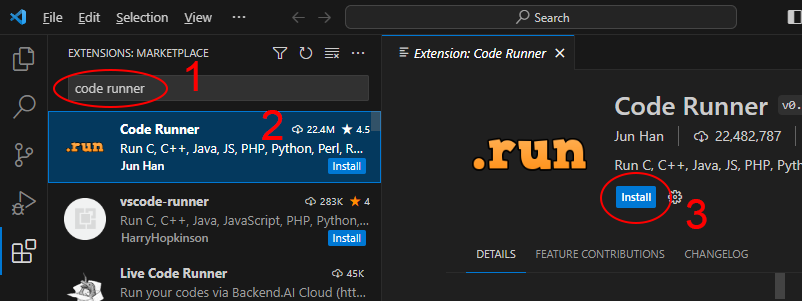 Në shiritin për kërkim e shkruajmë code runner, dhe instalojmë Code Runner si në pamjen në vijim:
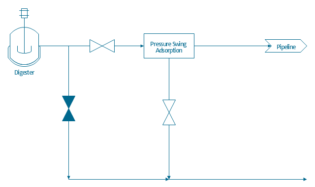 The process flow diagram (PFD) template for the ConceptDraw PRO diagramming and vector drawing software is included in the Chemical and Process Engineering solution from the Engineering area of ConceptDraw Solution Park.
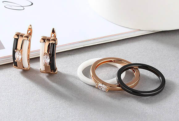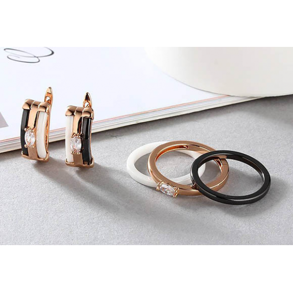 Гипоаллергенная бижутерия. Покрытый золотом 585 пробы ювелирный сплав, вставки — белая и черная керамика и фианиты. Длина серег 1,8 см, английский замок. Размеры кольца: 17; 18; 19; 20.
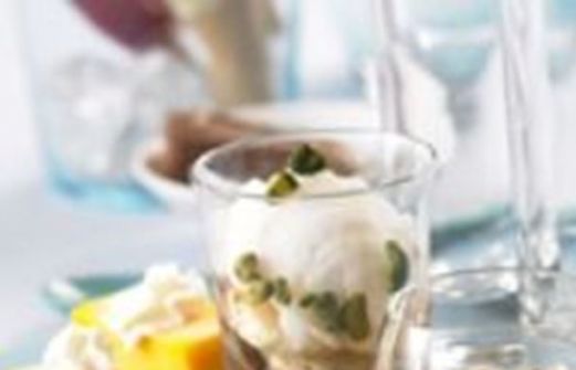 1 litre de sorbet mangue 1 litre de sorbet citron 1 litre de glace chocolat 1 litre de praliné 1 litre de glace café 2 bananes 1 pâte sablée 12 mini florentines ou mini fonds de tartelettes pistaches concassées chantilly (1 bombe ou préparée maison) caramel au l [...]
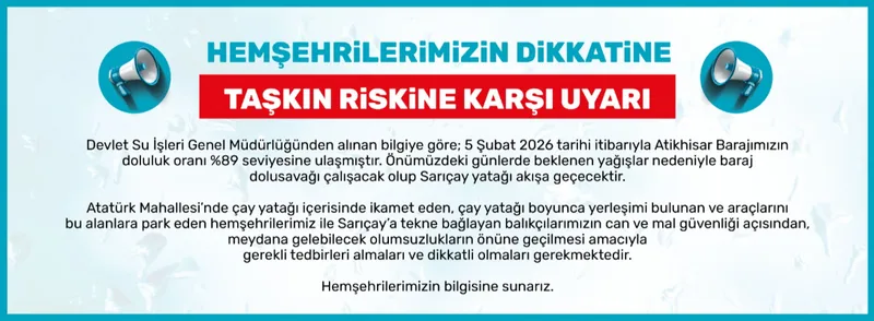 Atatürk Mahallesi'nde çay yatağı içinde ikamet eden, bu alanlarda yerleşimi bulunan veya araçlarını park eden vatandaşlar ile Sarıçay'a tekne bağlayan balıkçılar, can ve mal güvenlikleri açısından gerekli tedbirleri almak ve dikkatli olmak konusunda uyarıldı. Meydana gelebilecek olumsuzlukların önüne geçilmesi amaçlanıyor.
******
YOUR TASK:
Give the entries again exactly. Pictures stay out.

RESULT OF THE TASK:
 Në shiritin për kërkim e shkruajmë code runner, dhe instalojmë Code Runner si në pamjen në vijim:
 The process flow diagram (PFD) template for the ConceptDraw PRO diagramming and vector drawing software is included in the Chemical and Process Engineering solution from the Engineering area of ConceptDraw Solution Park.
 Гипоаллергенная бижутерия. Покрытый золотом 585 пробы ювелирный сплав, вставки — белая и черная керамика и фианиты. Длина серег 1,8 см, английский замок. Размеры кольца: 17; 18; 19; 20.
 1 litre de sorbet mangue 1 litre de sorbet citron 1 litre de glace chocolat 1 litre de praliné 1 litre de glace café 2 bananes 1 pâte sablée 12 mini florentines ou mini fonds de tartelettes pistaches concassées chantilly (1 bombe ou préparée maison) caramel au l [...]
 Atatürk Mahallesi'nde çay yatağı içinde ikamet eden, bu alanlarda yerleşimi bulunan veya araçlarını park eden vatandaşlar ile Sarıçay'a tekne bağlayan balıkçılar, can ve mal güvenlikleri açısından gerekli tedbirleri almak ve dikkatli olmak konusunda uyarıldı. Meydana gelebilecek olumsuzlukların önüne geçilmesi amaçlanıyor.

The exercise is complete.